ACTION ITEM: Retype all entries exactly, skipping pictures.

PROVIDED MATERIAL:

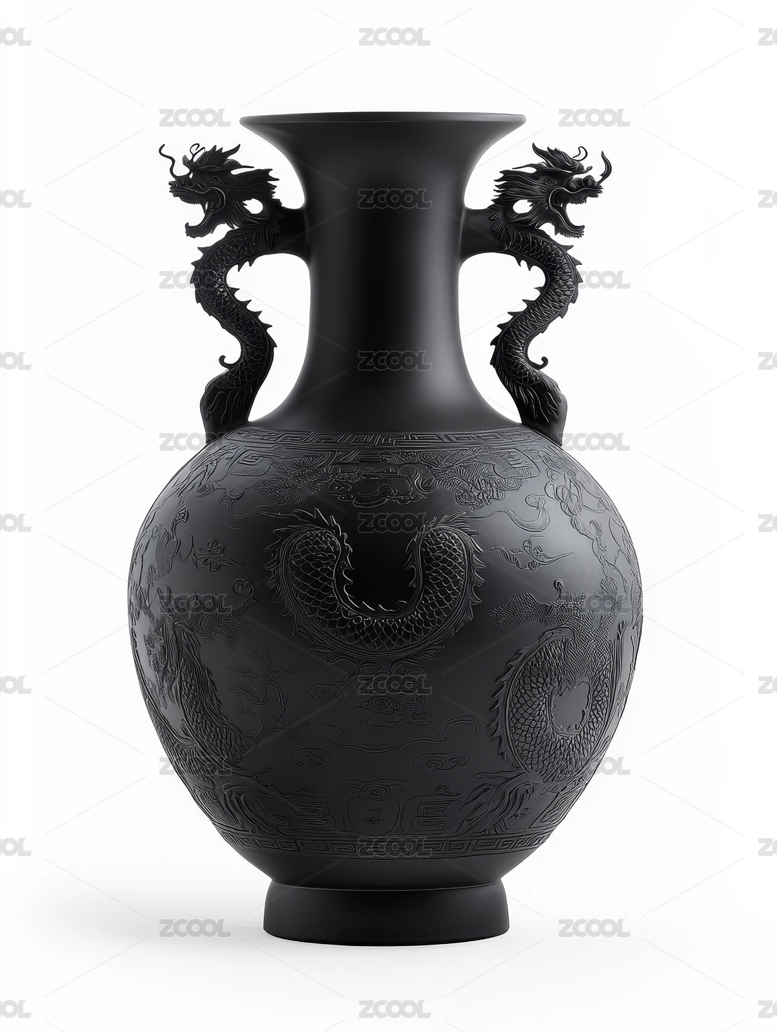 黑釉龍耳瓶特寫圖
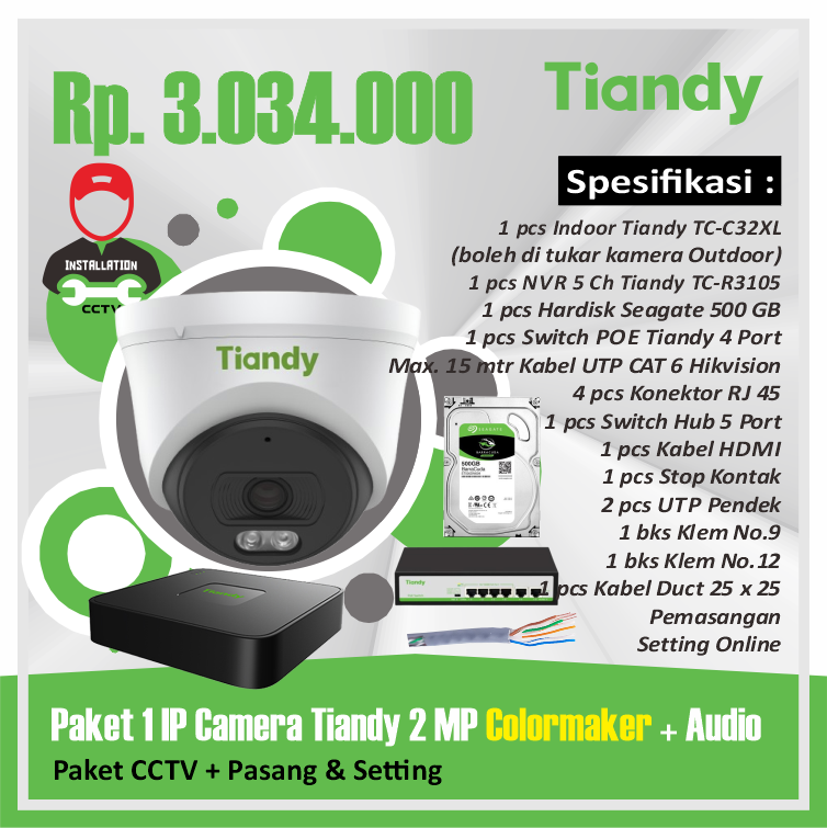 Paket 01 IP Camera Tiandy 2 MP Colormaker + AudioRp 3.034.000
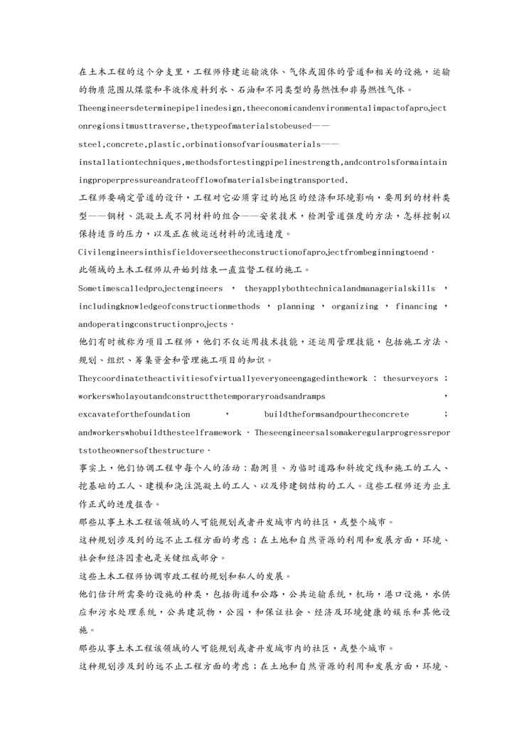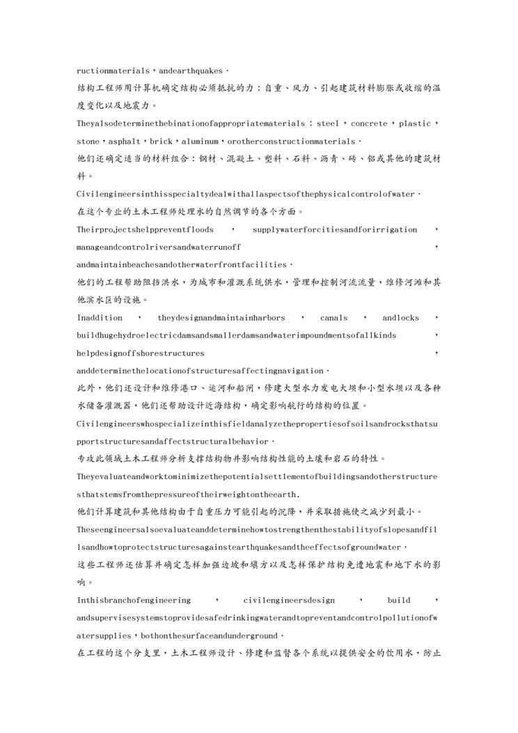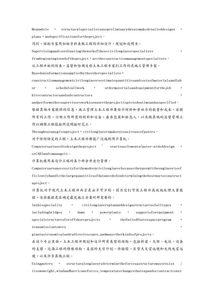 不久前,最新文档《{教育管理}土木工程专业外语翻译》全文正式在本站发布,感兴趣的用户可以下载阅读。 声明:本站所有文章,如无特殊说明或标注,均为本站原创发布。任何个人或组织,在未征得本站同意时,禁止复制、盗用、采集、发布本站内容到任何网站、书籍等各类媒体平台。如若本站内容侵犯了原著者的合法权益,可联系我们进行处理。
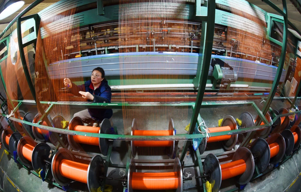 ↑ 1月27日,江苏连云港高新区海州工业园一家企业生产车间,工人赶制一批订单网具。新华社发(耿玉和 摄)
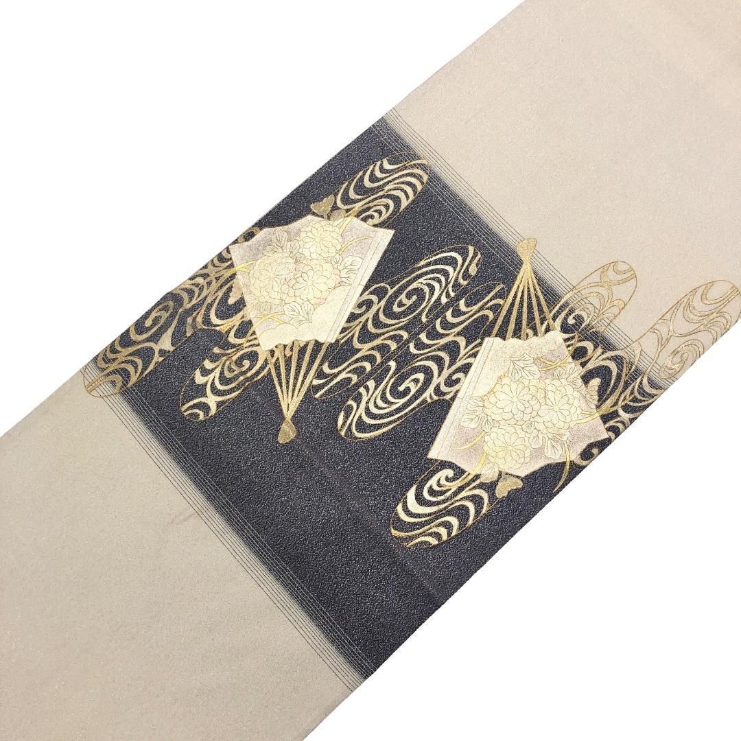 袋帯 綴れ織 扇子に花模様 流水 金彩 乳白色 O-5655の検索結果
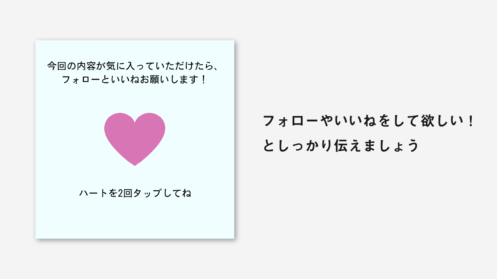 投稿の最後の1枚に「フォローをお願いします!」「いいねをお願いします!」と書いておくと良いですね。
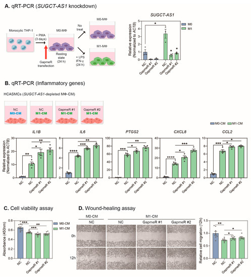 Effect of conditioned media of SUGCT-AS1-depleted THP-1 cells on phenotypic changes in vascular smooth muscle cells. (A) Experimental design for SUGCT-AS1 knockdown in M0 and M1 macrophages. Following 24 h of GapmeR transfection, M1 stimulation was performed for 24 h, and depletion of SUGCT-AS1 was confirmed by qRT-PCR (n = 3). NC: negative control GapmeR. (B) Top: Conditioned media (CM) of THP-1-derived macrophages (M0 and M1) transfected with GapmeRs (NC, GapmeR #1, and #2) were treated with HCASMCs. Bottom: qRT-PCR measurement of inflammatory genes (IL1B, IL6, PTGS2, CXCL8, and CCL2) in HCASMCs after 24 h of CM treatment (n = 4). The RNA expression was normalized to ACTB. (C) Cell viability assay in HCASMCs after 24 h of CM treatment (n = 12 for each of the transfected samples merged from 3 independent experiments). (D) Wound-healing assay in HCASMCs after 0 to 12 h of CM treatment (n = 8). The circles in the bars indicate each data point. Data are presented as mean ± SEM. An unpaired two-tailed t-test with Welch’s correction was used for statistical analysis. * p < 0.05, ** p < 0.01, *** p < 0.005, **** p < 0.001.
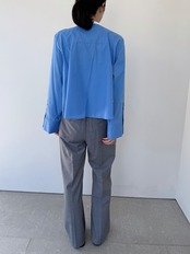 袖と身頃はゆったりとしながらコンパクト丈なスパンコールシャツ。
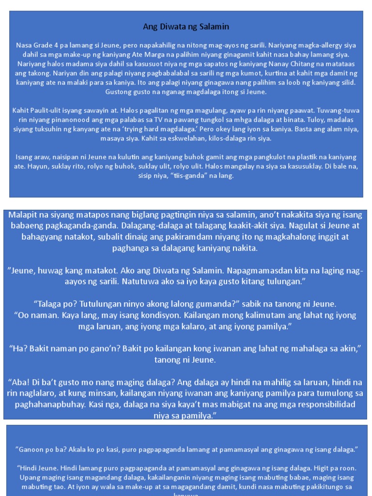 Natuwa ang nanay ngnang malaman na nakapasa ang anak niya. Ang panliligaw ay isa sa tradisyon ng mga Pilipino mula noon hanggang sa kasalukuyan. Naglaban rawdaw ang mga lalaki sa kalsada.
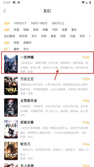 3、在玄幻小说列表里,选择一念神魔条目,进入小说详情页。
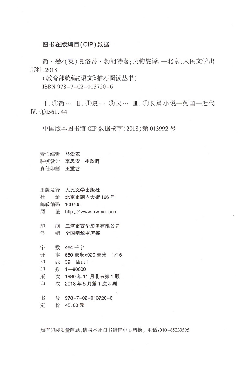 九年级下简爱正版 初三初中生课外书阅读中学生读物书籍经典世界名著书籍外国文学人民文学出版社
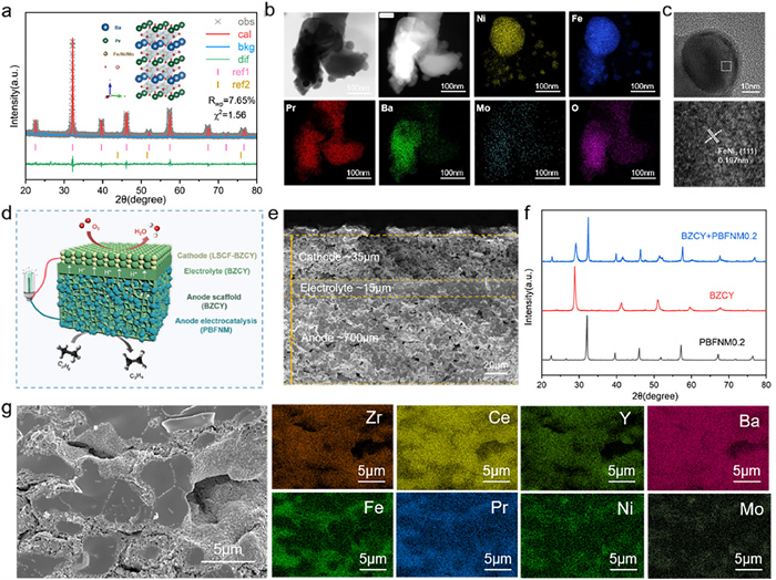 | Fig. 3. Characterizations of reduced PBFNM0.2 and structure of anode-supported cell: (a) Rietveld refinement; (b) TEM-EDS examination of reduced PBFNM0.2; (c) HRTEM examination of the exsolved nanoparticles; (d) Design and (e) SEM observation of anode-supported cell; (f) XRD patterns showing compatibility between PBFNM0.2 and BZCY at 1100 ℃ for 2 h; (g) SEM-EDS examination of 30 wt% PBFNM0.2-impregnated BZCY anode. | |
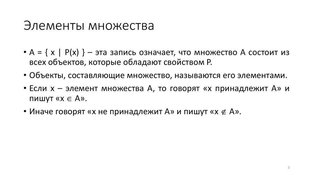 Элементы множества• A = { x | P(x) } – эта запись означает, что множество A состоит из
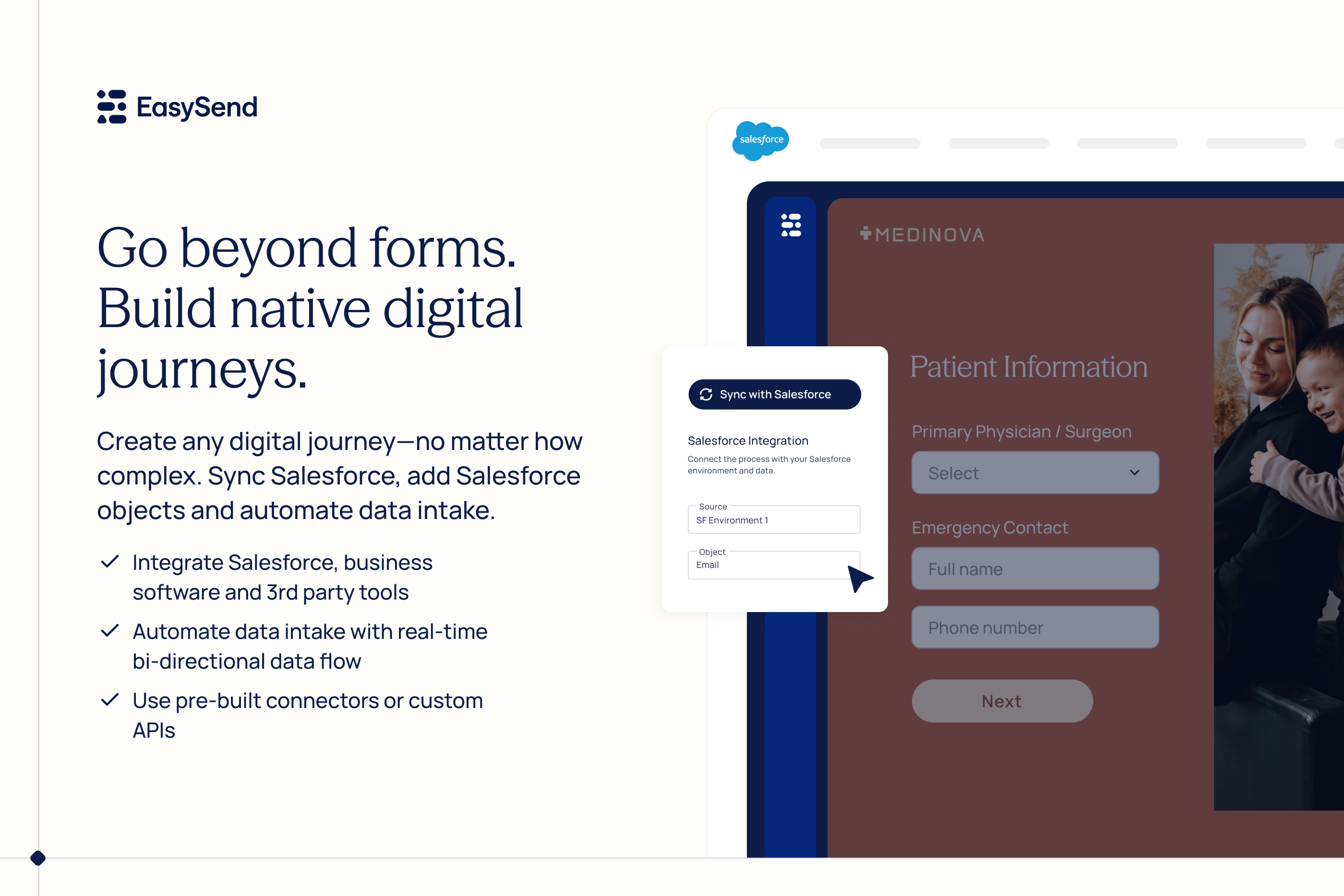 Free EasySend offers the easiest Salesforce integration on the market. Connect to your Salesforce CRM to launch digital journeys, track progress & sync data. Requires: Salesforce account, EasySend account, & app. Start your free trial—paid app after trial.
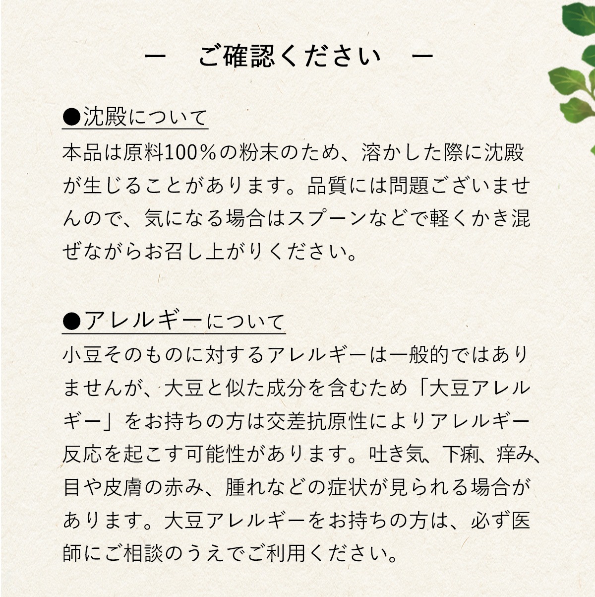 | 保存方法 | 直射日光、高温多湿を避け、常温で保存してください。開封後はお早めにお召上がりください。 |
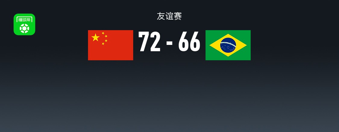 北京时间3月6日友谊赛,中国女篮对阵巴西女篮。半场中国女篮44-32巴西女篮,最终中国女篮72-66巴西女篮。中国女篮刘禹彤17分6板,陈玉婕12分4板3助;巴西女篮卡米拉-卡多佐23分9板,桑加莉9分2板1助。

RESPONSE FOR THIS EXERCISE:
 黑釉龍耳瓶特寫圖
 Paket 01 IP Camera Tiandy 2 MP Colormaker + AudioRp 3.034.000
 不久前,最新文档《{教育管理}土木工程专业外语翻译》全文正式在本站发布,感兴趣的用户可以下载阅读。 声明:本站所有文章,如无特殊说明或标注,均为本站原创发布。任何个人或组织,在未征得本站同意时,禁止复制、盗用、采集、发布本站内容到任何网站、书籍等各类媒体平台。如若本站内容侵犯了原著者的合法权益,可联系我们进行处理。
 ↑ 1月27日,江苏连云港高新区海州工业园一家企业生产车间,工人赶制一批订单网具。新华社发(耿玉和 摄)
 袋帯 綴れ織 扇子に花模様 流水 金彩 乳白色 O-5655の検索結果
 投稿の最後の1枚に「フォローをお願いします!」「いいねをお願いします!」と書いておくと良いですね。
 Effect of conditioned media of SUGCT-AS1-depleted THP-1 cells on phenotypic changes in vascular smooth muscle cells. (A) Experimental design for SUGCT-AS1 knockdown in M0 and M1 macrophages. Following 24 h of GapmeR transfection, M1 stimulation was performed for 24 h, and depletion of SUGCT-AS1 was confirmed by qRT-PCR (n = 3). NC: negative control GapmeR. (B) Top: Conditioned media (CM) of THP-1-derived macrophages (M0 and M1) transfected with GapmeRs (NC, GapmeR #1, and #2) were treated with HCASMCs. Bottom: qRT-PCR measurement of inflammatory genes (IL1B, IL6, PTGS2, CXCL8, and CCL2) in HCASMCs after 24 h of CM treatment (n = 4). The RNA expression was normalized to ACTB. (C) Cell viability assay in HCASMCs after 24 h of CM treatment (n = 12 for each of the transfected samples merged from 3 independent experiments). (D) Wound-healing assay in HCASMCs after 0 to 12 h of CM treatment (n = 8). The circles in the bars indicate each data point. Data are presented as mean ± SEM. An unpaired two-tailed t-test with Welch’s correction was used for statistical analysis. * p < 0.05, ** p < 0.01, *** p < 0.005, **** p < 0.001.
 袖と身頃はゆったりとしながらコンパクト丈なスパンコールシャツ。
 Natuwa ang nanay ngnang malaman na nakapasa ang anak niya. Ang panliligaw ay isa sa tradisyon ng mga Pilipino mula noon hanggang sa kasalukuyan. Naglaban rawdaw ang mga lalaki sa kalsada.
 3、在玄幻小说列表里,选择一念神魔条目,进入小说详情页。
 九年级下简爱正版 初三初中生课外书阅读中学生读物书籍经典世界名著书籍外国文学人民文学出版社
 | Fig. 3. Characterizations of reduced PBFNM0.2 and structure of anode-supported cell: (a) Rietveld refinement; (b) TEM-EDS examination of reduced PBFNM0.2; (c) HRTEM examination of the exsolved nanoparticles; (d) Design and (e) SEM observation of anode-supported cell; (f) XRD patterns showing compatibility between PBFNM0.2 and BZCY at 1100 ℃ for 2 h; (g) SEM-EDS examination of 30 wt% PBFNM0.2-impregnated BZCY anode. | |
 Элементы множества• A = { x | P(x) } – эта запись означает, что множество A состоит из
 Free EasySend offers the easiest Salesforce integration on the market. Connect to your Salesforce CRM to launch digital journeys, track progress & sync data. Requires: Salesforce account, EasySend account, & app. Start your free trial—paid app after trial.
 | 保存方法 | 直射日光、高温多湿を避け、常温で保存してください。開封後はお早めにお召上がりください。 |
 北京时间3月6日友谊赛,中国女篮对阵巴西女篮。半场中国女篮44-32巴西女篮,最终中国女篮72-66巴西女篮。中国女篮刘禹彤17分6板,陈玉婕12分4板3助;巴西女篮卡米拉-卡多佐23分9板,桑加莉9分2板1助。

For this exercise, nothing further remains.